Dataset content
• • • • • • •
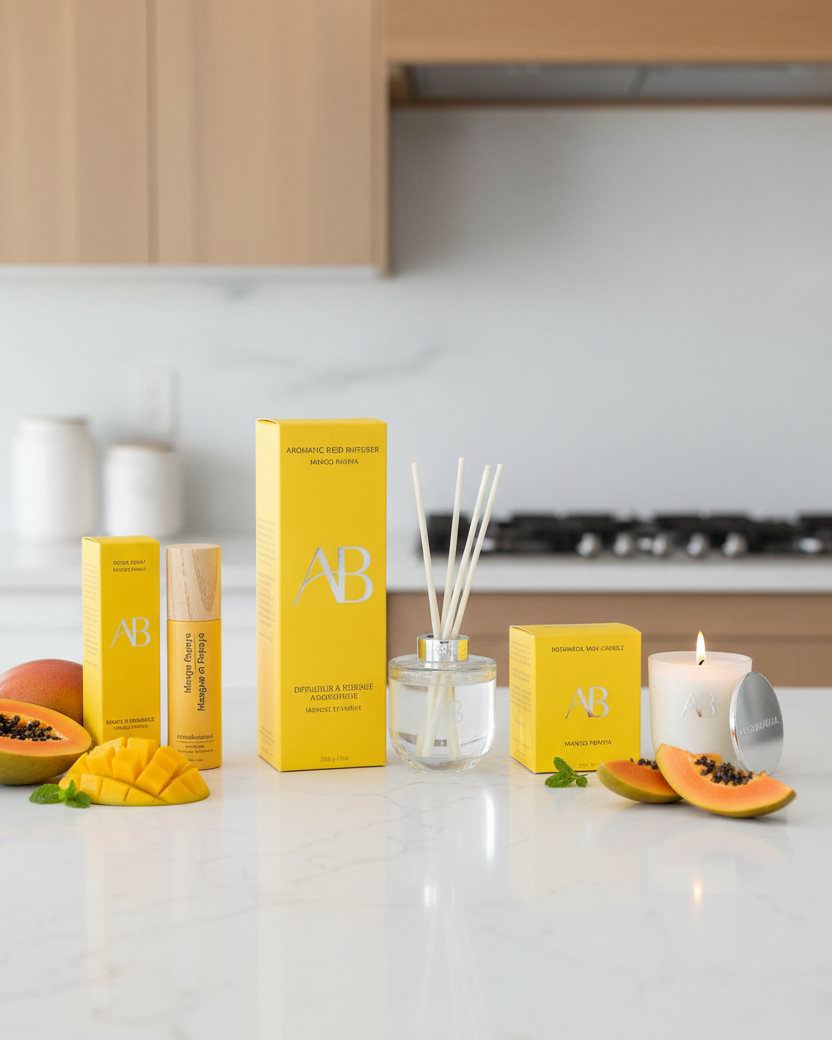 Mango Papaya: A crisp blend of ripe mango, orange, passionfruit and juicy papaya with floral notes of jasmine and a touch of vanilla and sandalwood
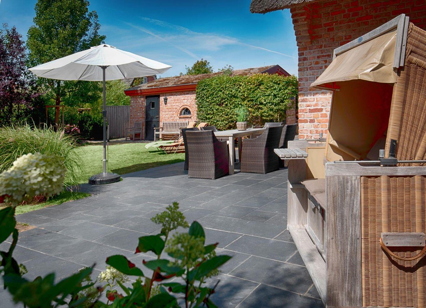 Diese Reetdach-Doppelhaushälfte nahe dem Wattenmeer bietet exklusiven Wohnkomfort. Großzügigkeit in Verbindung mit luxuriöser Ausstattung und ganz viel Liebe zum Detail lassen hier ein ganz besonderes Ambiente entstehen. Hier können Sie Ihren Urlaubstraum verwirklichen. Der wundervoll angelegte Garten mit seinen beiden großen Sonnenterrassen und Strandkorb, bietet die perfekte Kulisse zum Entspannen!
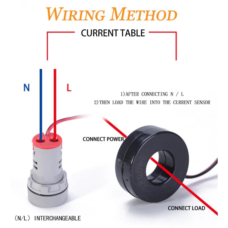 برای روشن کردن ولت آمپر متر چراغ سیگنالی کافیست فاز و نول را به پایه های X1 و X2 بدهید . در این صورت چراغ سیگنال روشن شده و ولتاژ دقیق شبکه تکفاز را به شما نشان می دهد . ولی از آنجاییکه هنوز ترانس جریان  (CT)وارد مدار نشده ، جریان صفر آمپر می باشد . برای اندازه گیری و نشان دادن جریان ، کافیست ترانس جریانرا به بدنه چراغ سیگنال از طریق سوکت وصل کنید . سپس سیم هر فازی را که مایل به اندازه گیری جریان آن هستید از داخل ترانس جریان عبور دهید .
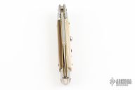 This 9" Swivel Bolster by Frank Beltrame features a polished blade with false top edge. The handle has polished stainless bolsters, front and rear, honey horn scales, brass liners and stainless steel spring. Comes with a leather slip. Excellent condition. This one has been tuned and polished by Greg Effects.
• • • • • • •
Exercise prompt
Only an exact copy is needed: the lines from the opening of the listing through the line with "Diese Reetdach-Doppelhaushälfte nahe", both included, minus the pictures.

Solution below
 Mango Papaya: A crisp blend of ripe mango, orange, passionfruit and juicy papaya with floral notes of jasmine and a touch of vanilla and sandalwood
 Diese Reetdach-Doppelhaushälfte nahe dem Wattenmeer bietet exklusiven Wohnkomfort. Großzügigkeit in Verbindung mit luxuriöser Ausstattung und ganz viel Liebe zum Detail lassen hier ein ganz besonderes Ambiente entstehen. Hier können Sie Ihren Urlaubstraum verwirklichen. Der wundervoll angelegte Garten mit seinen beiden großen Sonnenterrassen und Strandkorb, bietet die perfekte Kulisse zum Entspannen!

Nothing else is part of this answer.